The emptiness of mechanical words is one of the main concerns in part three. Being exposed to language completely detached from human beings (like books, radio, television) humans lose the word's content - the meaning. Parallel to the words becoming mechanical, humans personalize machines and lose their ability to listen (and reflect). This is - according to the author - indicated by browsing usenet news articles in a very superficious way, filtering electronic mail messages with logic-based tools, answering electronic messages immediately instead of reflecting them. The communication has become important, it's not the content any more (chap. 19).

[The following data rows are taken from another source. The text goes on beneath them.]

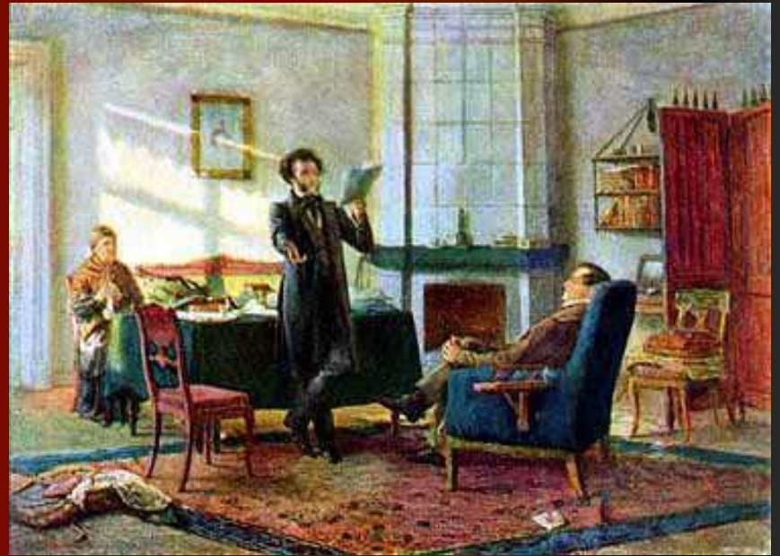
Пушкин в селе Михайловском (Пушкин у Пушкина). Н.Н. Ге. 1875 г.

В конце июля 1824 года ссылка в родительское имение Михайловское Псковской Губернии За три года ссылки написаны "Кавказский пленник", "Бахчисарайский фонтан", а также "Узник", "Песнь о Вещем Олеге". Начат роман в стихах "Евгений Онегин".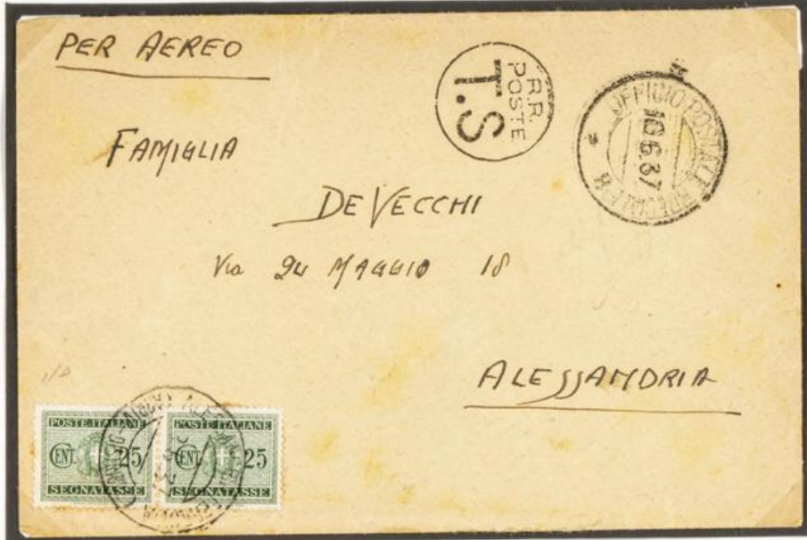
Départ de l'office postal 8, le 10/6/1937.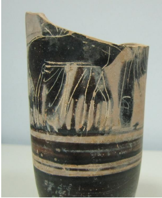
Εικόνα 122: Λήκυθος ΜΑΙΤ 9133, αρ. κατ. 34, λεπτομέρεια.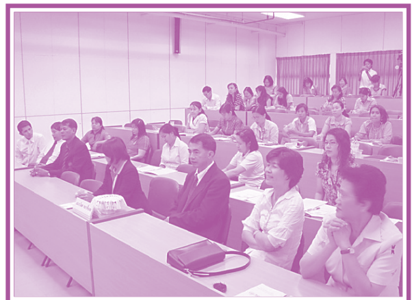
คณะพยาบาลศาสตร์ เมื่อวันที่ 2 เมษายน 2552 มอบเงินสนับสนุนจำนวน 8,900 บาท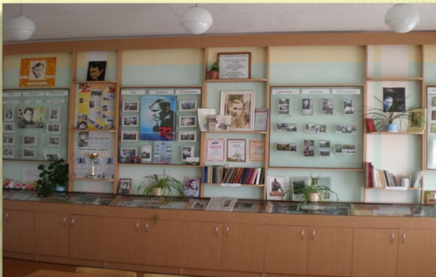
Кабинет-музей В. М. Шукшина в Айской школе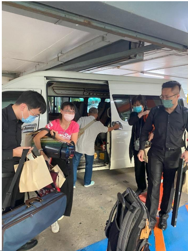
泰國中華國際學校交流演出日抵達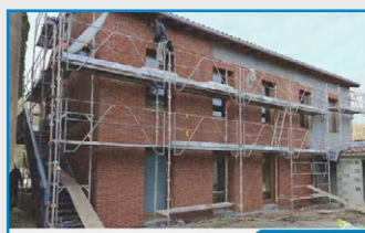
Pose des plaquettes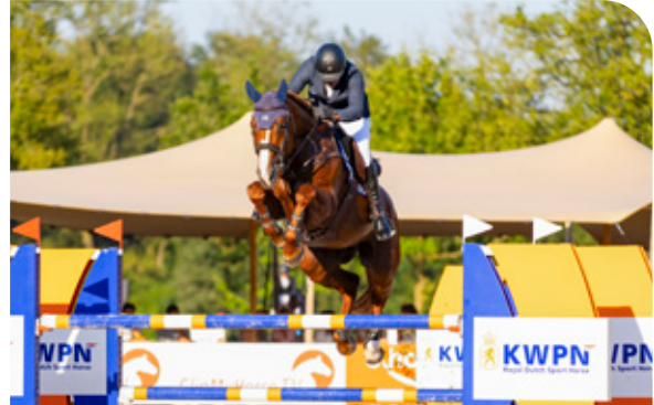
A MOONLIGHT SPECIALE Z P 30 Aganix du Seigneur x Chacco-Blue

Part 4: Owen Barfield, computers and the evolution of conciousness

This part - representing almost one third of the book - presents the thoughts of Owen Barfield regarding words, meanings, the shift of meanings, human conciousness and the mind. Sometimes hard to read and quickly changing subjects, Talbott quotes various pagagraphs from Barfield's work and draws the analogies to the computer related topics he covered in the former three parts.
The human's shift from seeing the world - from the view of being contained within the medieval world to 'seeing in perspective' (being an object in between other objects within a space of unrelated objects) illustrates the powerful influence of technology and science on the consciousness of humans. The danger of reducing human mind's skills to digital logic and the machine's skills are covered in a large section of part four. The various efforts in Artificial Intelligence are reviewed under the topic of mechanizing human behaviour as well as the question whether user interfaces improved during the last years or whether the users rather continued their descent to computer's level is analyzed.
Talbott points out the universal potential of the computer: to either improve human life or to make it worse. He manages to convince the reader that it lies in man's hands to make the desicion to use the technology in the right way and advocates there is still time to do the change from unconcious to concious computer use.
The final chapter - 'What was this book about?' summarizes Talbott's conclusion: to transcend computers, humans must ask questions, change themselves, transform their environment and fight the human urge to follow algorithmic patterns of thought and action instead of thinking new thoughts. Exploring new thoughts and suffering are necessary for human development while following algorithms prevents development, concludes the author.

Appendix

The three-part appendix offers further excerpts from Owen Barfield's work, some thoughts about virtual reality and the new views or conciousnesses it could introduce and finally a chapter about education without computers, introducing the author's favourite school system: the Waldorf school. It does not focus on computers, but offers some additional details to material that was presented in the former chapters.

Final Remarks

This book is a unique source of thoughts about the dangers of computerization. It shows how unnoticed and silent the unreflected use of computers reduces human skills to the machine's capacity. It covers an important area of computer application that was left blank in computer literature up to now - not even the famous media critics like Neil Postman or Noam Chomsky yet dedicated books to the computerized society. The huge bibliography invites further reading on this subject - which in the case of Owen Barfield's work is absoultely necessary because part four is too compact and rich in various of Barfield's subjects that it needs more reflection.
Talbott is absolutely right to question some of today's movements towards computers. Reading this book is a must for every person working in the field of computer education, new media or networking. It will change the reader's view of the subject from a only-positive to a more critical view. O'Reilly's displayed some of the human qualities Talbott advocates by publishing this book. And designing the book cover similar to the over-advertised Windows'95 operating system's sales box is for sure no coincidence.